History of the
use of silk:
The Chinese has used silk since the 27th
century B.C.. Silk is mentioned by Aristotle and became a valuable
commodity both in Greece and Rome. During the Roman Empire, silk was sold for
its weight in gold. The Chinese domesticated silk worms and fed them with
mulberry leaves. They unwound the silkworms' cocoons to produce long
strands of silk fiber.
Farm women in China at that period were
supposed to raise such silkworms as one of their chores. Silk was used in
China and exported along the Silk Road (the ancient trade route linking
China and the Roman Empire). This trade brought China great wealth, but the
Chinese did not give away the secret on how silk was formed.
Christian monks finally broke China’s
monopoly of the silk production by smuggling silkworm eggs out of the
country, and soon other countries started to produce their own silk.
Production of
silk:
Silkworms are cultivated and fed with
mulberry leaves. Some of these eggs are hatched by artificial means such as
an incubator, and in the olden times, the people carried it close to their
bodies so that it would remain warm.
Silkworms that feed on smaller, domestic
tree leaves produce the finer silk, while the coarser silk is produced by
silkworms that have fed on oak leaves. From the time they hatch to the time
they start to spin cocoons, they are very carefully tended to. Noise is
believed to affect the process, thus the cultivators try not to startle the
silkworms.
Their cocoons are spun from the tops of
loose straw. It will be completed in two to three days' time.
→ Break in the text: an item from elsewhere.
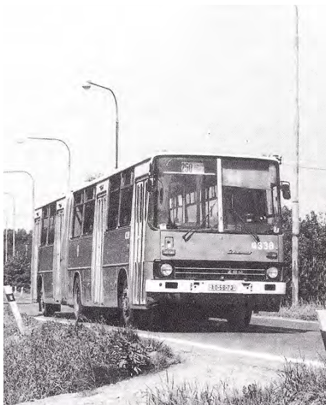
Foto autobusu je převzato z publikace Pražský dopravní zeměpis.

A jak to bude s Prahou dál? Přestože se počítalo s tím, že další rozšíření přijde kolem roku 1990, metropole se už nezvětšila a rozlohou zůstala na dnešních 496 km čtverečních. Což je na evropské hlavní město celkem dost. Pro představu: je to polovina Berlína, o něco více než Vídeň, a dokonce čtyřnásobek Paříže (ta ale zůstává v hranicích z roku 1860). Praha nejenže už neporoste, ale tu a tam se objevují snahy některých městských částí o odtržení. Naposledy o tom v roce 2016 uvažovalo Jižní Město (Praha 11). Návrhy na to, jak se stát samostatnou středočeskou obcí, ale nakonec narazily na nevíli většiny zastupitelů.

The
cultivators then gather the cocoons and the chrysales are killed by heating
and drying the cocoons.
In the olden days, they were packed with
leaves and salt in a jar, and then buried in the ground, or else other
insects might bite holes in it. Modern machines and modern methods can be
used to produce silk but the old-fashioned hand-reels and looms can also
produce equally beautiful silk.
Care of your silk
garment:
It is best to dry clean your silk garment
either by individual or bulk method, in order to maintain the
characteristic of the silk.
Dry clean: Sending it to the dry cleaners may be done but
make sure that you inform the dry cleaner that your garment is made of
silk.
Hand wash:
1) Make sure you wash in cool water.
2) Use a small amount of soap or mild detergent to wash the silk.
3) After washing it, rinse in cold water.
4) Hang it or lay it flat in a shaded area to dry.
5) If pressing is needed, use an all cotton iron board cover, a low or
moderate steam setting, and press on the wrong side of the fabric while
ironing.
Other Tips:
- To keep
white silk white, add peroxide and ammonia to the wash.
- Do not
use bleach or any washing detergent with bleach
- To
remove yellow from white silk, add a few teaspoons of white vinegar to
the wash.
Properties of
the silk:
1)It is versatile and very comfortable.
2)It absorbs moisture.
3)It is cool to wear in the summer yet warm to wear in winter.
4)It can be easily dyed.
5)It retains its shape and is relatively smooth.
6)It has a poor resistance to sunlight exposure.
7)It is the strongest natural fiber and is lustrous.
Physical
Properties of Silk Fiber:
Tenacity - The silk filament is strong. This strength is due to its
linear, beta configuration polymers and very crystalline polymer system.
These two factors permit many more hydrogen bonds to be formed in a much
more regular manner. Silk loses strength on wetting. This is due to water
molecules hydrolyzing a significant number of hydrogen bonds and in the
process weakening the silk polymer.
Specific gravity - Degummed silk is less dense than cotton, flax, rayon or wool. It has a
specific gravity of 1.25. Silk fibres are often weighted by allowing filaments to absorb
heavy metallic salts; this increases the density of the material and
increases its draping property.
Elastic-plastic nature - Silk is considered to be more plastic than
elastic because it’s very crystalline polymer system does not permit the
amount of polymer movement which could occur in a more amorphous system.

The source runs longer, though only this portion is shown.